To find the \([H^+]\) concentration from a given pH, we use the formula:

• \([H^+] = 10^{-pH}\)

This formula comes from the definition of pH: \( \text{pH} = -\log([H^+]) \) . The use of powers of 10 in the formula makes it easy to compute the \([H^+]\) concentration directly from the pH value. In our exercise, with a pH of 10.50, the \([H^+]\) is approximately \( 3.16 \times 10^{-11} \text{ mol/L} \). Calculating \([H^+]\) is a step towards determining other ion concentrations in the solution.

Understanding the concentration of hydroxide ions (\([OH^-]\)) is crucial in determining the basic nature of a solution. The relationship between hydrogen ions and hydroxide ions comes from the ion product constant of water (\(K_w\)), which at 25°C is \(1 \times 10^{-14} \text{ mol}^2/\text{L}^2\). This implies that the multiplication of \([H^+]\)and \([OH^-]\) in any aqueous solution at this temperature equals this constant. Thus, if one ion concentration is known, the other can be easily calculated.

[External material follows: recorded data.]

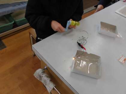1月15日(月) 6年生 理科「手まわし発電機」
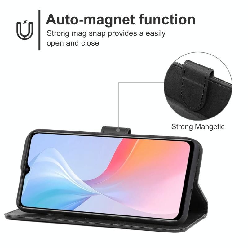 Θήκη τηλεφώνου από δέρμα για vivo Y21s (Μαύρο)
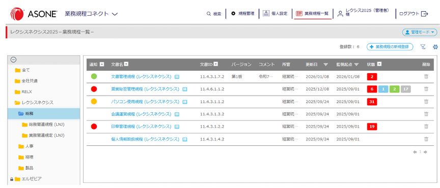 法令と届出事項・手順書・業務規程・社内文書の紐づけ管理
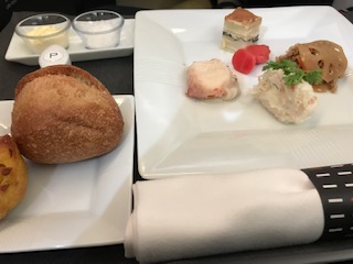 機内食(洋食)は、前菜からメインまで全て美味しかったです。連れの頼んだ和食も美味しかったとのことです。

For hydroxide ions, we have:

• \([OH^-] = \frac{K_w}{[H^+]} \)

Using the \([H^+]\) concentration from the earlier step (\( 3.16 \times 10^{-11} \text{ mol/L} \)), we can determine the \([OH^-]\) concentration to be approximately \( 3.17 \times 10^{-4} \text{ mol/L} \) . Knowing \([OH^-]\) concentration helps us understand the solution's alkalinity, and it is also vital for calculating the concentration of other components, like strontium hydroxide in our exercise.

To find the concentration of strontium hydroxide (\( \text{Sr(OH)}_2\)) in a solution, we must consider its dissociation in water. Strontium hydroxide is a strong base and completely dissociates into strontium ions (\( \text{Sr}^{2+}\)) and hydroxide ions (\( \text{OH}^-\)) when dissolved. The chemical equation for this dissociation is:

• \( \text{Sr(OH)}_2 \rightarrow \text{Sr}^{2+} + 2\text{OH}^- \)

This indicates that each molecule of strontium hydroxide produces two hydroxide ions. As such, the concentration of \( \text{Sr(OH)}_2 \) is half the concentration of \( \text{OH}^- \). Knowing the \([OH^-]\) from the previous step (\( 3.17 \times 10^{-4} \text{ mol/L} \)), we can calculate:

• \([\text{Sr(OH)}_2] = \frac{[OH^-]}{2} \)

This gives us a concentration of about \( 1.59 \times 10^{-4} \text{ mol/L} \) for \( \text{Sr(OH)}_2 \). Understanding these relationships and dissociations helps in comprehensively solving such exercises.